Income Investors: Intel's A Cash King And Perfect Dividend Stock

| About: Intel Corporation (INTC)

Intel Corporation (NASDAQ:INTC) designs manufactures, and markets microprocessors for desktops, notebooks and computer servers. It is number one in the world for the design, manufacture and sales of semiconductors and micro-processors for industrial, medical, and in-vehicle information and entertainment markets. For investors, its yield is no longer something to dismiss.

While growth of the personal computer market has slowed in Europe and the U.S. because of the advent of various tablet offerings, the growth of the personal computer market is still alive and well in the Asia- Pacific market. The Asia-Pacific region generates almost 60% of INTC’s revenue. Growth in the emerging markets should help drive strong revenue and earnings growth at Intel for years to come.

Intel recently revised revenue expectations downward by $1 billion citing flooding in Thailand. Intel isn't directly affected, however, Thailand has a large portion of the hard disk drive market. This bottleneck affects suppliers of other components, including INTC, which are seeing reduced demand for chips because net inventories of finished computer products will fall due to the hard drive shortage.

INTC shares are currently trading around $24 and the mean 12 month price target from analysts covering the stock is $26.66. Earnings per share of $2.31 for the 12 months preceding the fiscal year end place the shares on a trailing price to earnings ratio of 9.77 and a forward multiple of 9.77. The earnings figures place it lower among competitors such as Advanced Micro Devices (NYSE:AMD) at 3.94 and Texas Instruments Inc. (NYSE:TXN) at 12.48.

INTC’s price earnings ratio indicates that the stock price is not inflated to the extent that it impacts earnings. In addition, the stock price of Intel does not demonstrate the volatility of AMD (year low of $4.31, high of $9.58) or TXN (year high of $36.71 and low of $24.34) or ARMH which yearly trading range is $18 to $32.

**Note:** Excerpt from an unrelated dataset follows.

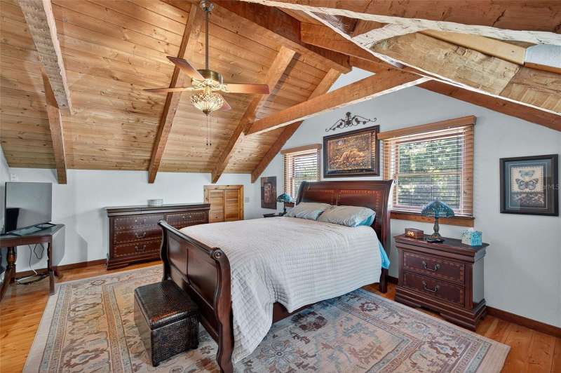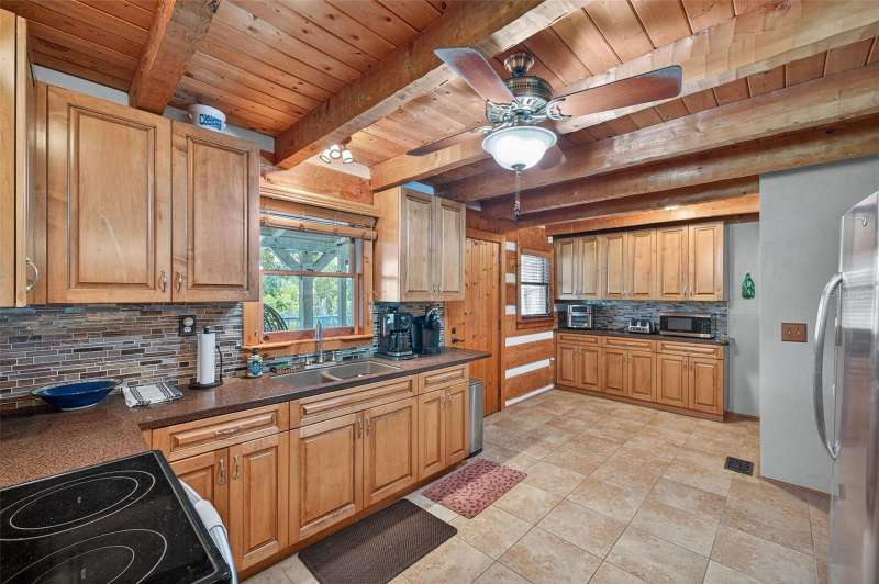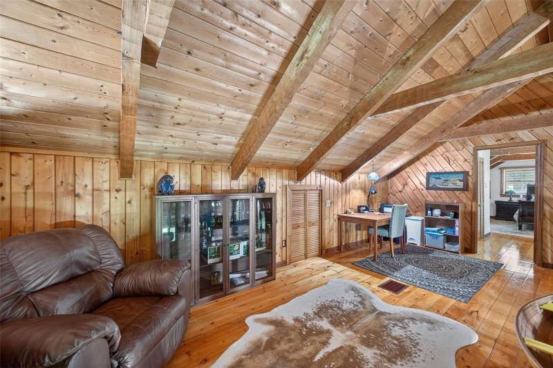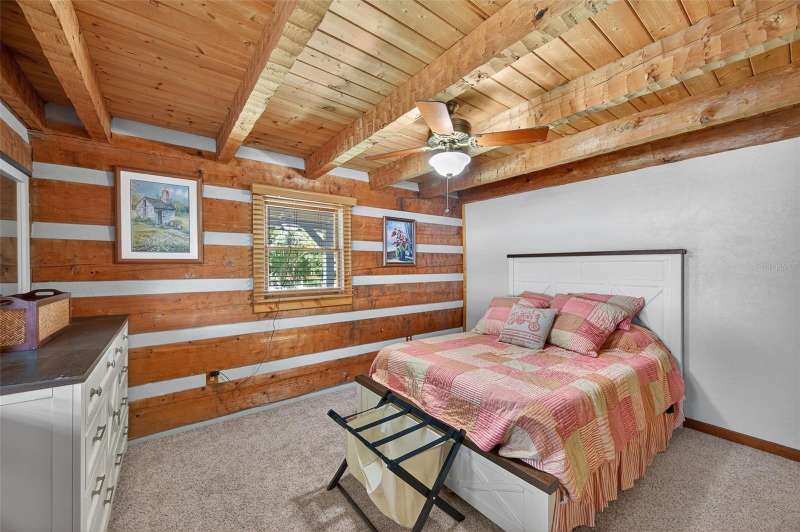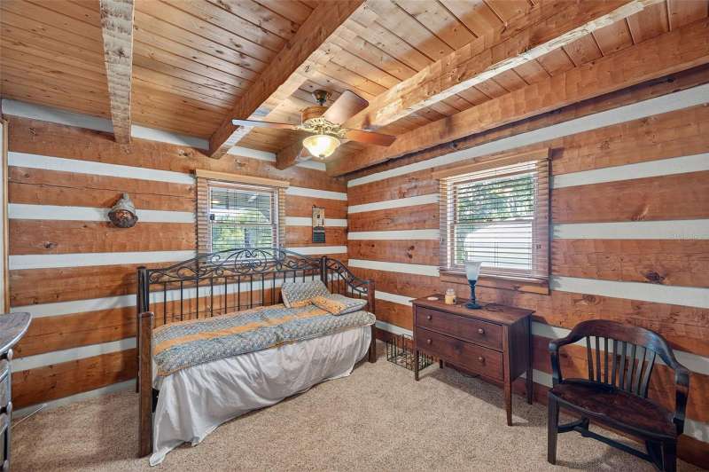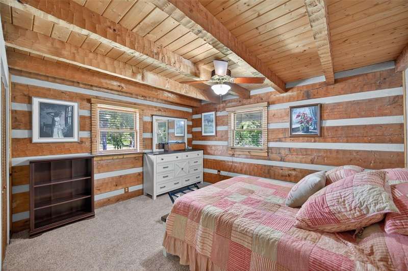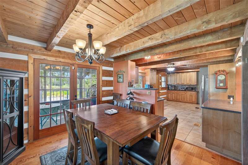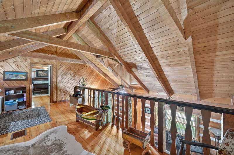 Custom Built 2,100 sq. ft. hickory log cabin that feels like you're in the Grand Tetons ! Welcome home to this unique lakefront 2 acres fenced MOL. You are greeted by the open living and dining area that includes a working large stone fireplace, vaulted ceilings with custom post and beam construction. Wood floors, a large custom kitchen with newer stainless high end appliances, and granite countertops, through french doors to the huge rear screened porch leading directly out to the lake. Downstairs includes 2 nice size bedrooms with tons of closet space and a large full-size custom bathroom. The magnificent staircase leads to a open loft area that overlooks the living room below. A Large master bedroom including an en suite with high ceilings and exposed beams. Tons of storage throughout the house. You will enjoy the serenity of the peaceful country suroundings while sitting in the oversized deck and porch areas. Also included is a stand alone garage / shop area, and a stand alone shed. Please note that the A/C and roof, including drainfields are less than 5 years old, as well as the stainless steel well pump. Custom window treatments and all furnishings stay. Less than a 10 minute drive to all major shopping. This is amust see !!

ARM Holdings (NASDAQ:ARMH), is the dominant player in the provision of low power chips to smart-phones. The stock trades around $27.00, has a year high of $32.18. The year low is $18.17. ARMH has a five year annual dividend yield of 1.00%. The stock has earnings per share of $0.38 and a trailing twelve month price earnings ratio of 70.98.

Intel announced plans to enter into the low power chip business for the smart-phone market with a chip that will use 20% less power than the current low power chips available. Low power chips in the smart-phone market are a mainstay of consumer satisfaction. ARMH’s specialty has been the low power, long life chips in smart-phone use. Intel’s new upcoming Ivy Bridge chips should limit power consumption in a way that is disruptive to ARMH’s 95% market share of the smart-phone market. SuVolta, is a private California low power semi-conductor chip designer and manufacturer. Its new PowerShrink® chip platform and Deeply Depleted Channel® design could provide formidable competition to both Intel and ARMH, which may result in INTC acquiring SuVolta to have an immediate and reliable foray into the smart-phone market.

Intel’s major strength is its ability to produce high profits in its traditional processor and chip business to support its high dividend yield. Its available cash and access to quality personnel will enable it to dedicate enough human and hard capital to compete in the smart-market in a significant manner which may prove successful in the long term.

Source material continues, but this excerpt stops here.